L’acte de restituer revêt des significations variées en fonction du contexte dans lequel il s’active : dans le domaine archéologique, dans le domaine du droit, de la topographie… Artistiquement parlant, la restitution vise à attribuer à un·e artiste ou un·e auteur·ice l’origine d’une œuvre. Cette définition, prise telle quelle, nuance la démarche de cette exposition, qui, en souhaitant décaler le regard non sur l’oeuvre mais sur le protocole qui l’induit, s’autorise d’une manière ou d’une autre à mettre de côté les individus qui sont à l’origine même de ce qu’il y a à voir, à percevoir, à ressentir – une réminiscence d’une autre forme de restitution figurée, qui consiste à rendre à quelqu’un·e ce dont on l’avait injustement privé·e… Ainsi se crée un aller-retour permanent entre l’intérieur du cadre et son extérieur, l’individu et le collectif, le commun et le singulier.
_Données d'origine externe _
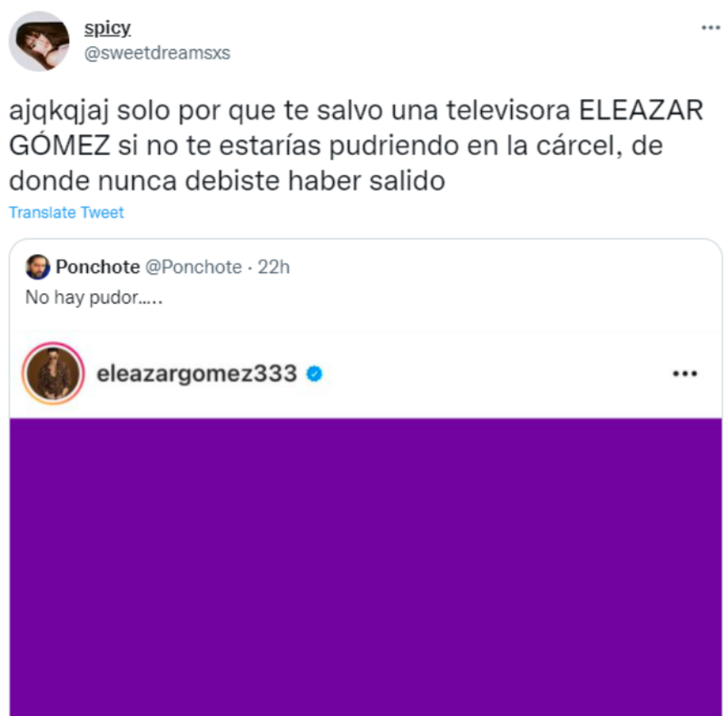 “Solo por que te salvo una televisora ELEAZAR GÓMEZ si no te estarías pudriendo en la cárcel, de donde nunca debiste haber salido”, “Que hacia Eleazar Gómez hablando del 8 de marzo? Ese cabr#$ debería estar preso; con que cara pone algo, cuando tiene varias denuncias sobre violencia y hasta estuvo detenido”, son algunos de los comentarios que se ven en twitter.

Si restituer les projets des enfants est une démarche ambivalente de part les relations qu’elle se permet d’investir ou au contraire d’ignorer, cette exposition a l’ambition – tout en rendant perceptible des processus de création commune – de rendre compte d’un panel d’outils propres à l’éducation artistique et culturelle (EAC), une des missions clé de notre association : la Maison de la Culture et des Loisirs. Notre position en tant que MJC, association de quartier et institution culturelle financée par les collectivités territoriales, nous autorise une porosité et une transversalité permanente, parfois nébuleuse mais précieuse, qui s’incarne dans la diversité des liens qui se nouent dans nos espaces, auprès de notre équipe, avec des publics composites, actifs et sensibles.
Au sein de cette exposition, la restitution s’allie à un gester qui vient resituer ces réalisations d’ateliers au regard de notre savoir éducatif et de la manière dont il vient épouser la spécificité de chaque groupe accueilli dans le cadre d’ateliers : la mise en valeur des protocoles est pour nous une manière de remettre ces réalisations artistiques dans leur contexte. Un contexte de partenariat avec des structures scolaires, périscolaires, mais également un contexte de partenariat avec des artistes intervenant·es, comme celles et ceux du collectif LaSauce, qui a travaillé avec la MCL cette année. Un contexte social compliqué, où le financement des associations artistiques et de leurs travailleur·es (salarié·es et/ou indépendant·es) devient difficile. Un contexte politique sinistre, où la création contemporaine peine à s’improviser comme force progressiste pour contribuer aux remparts qu’une partie de la société tente de mobiliser contre l’ébullition des idéologies réactionnaires.
Res(t)ituons clôt la saison 2024/2025 de la MCL et de sa galerie. La thématique, cette année, laissait le champ libre à une programmation qui espérait incarner la surprise, le piquant et l’intranquilité ! Dépourvue de titre, cette orientation s’incarnait dans une citation de Feng Menglong : « Mieux vaut être un chien en temps de tranquilité qu’un humain en temps de chaos » . Nous vous laissons donc le plaisir de découvrir cette exposition un peu particulière, où les différents projets, exposés et accompagnés de leurs protocoles, se font écho sans se faire concurrence.
En écho et en réponse au chaos, la MCL souhaite affirmer – peut-être naïvement, mais poétiquement – qu’il y demeure toujours des enfants qui dessinent, et des espaces pour les accueillir.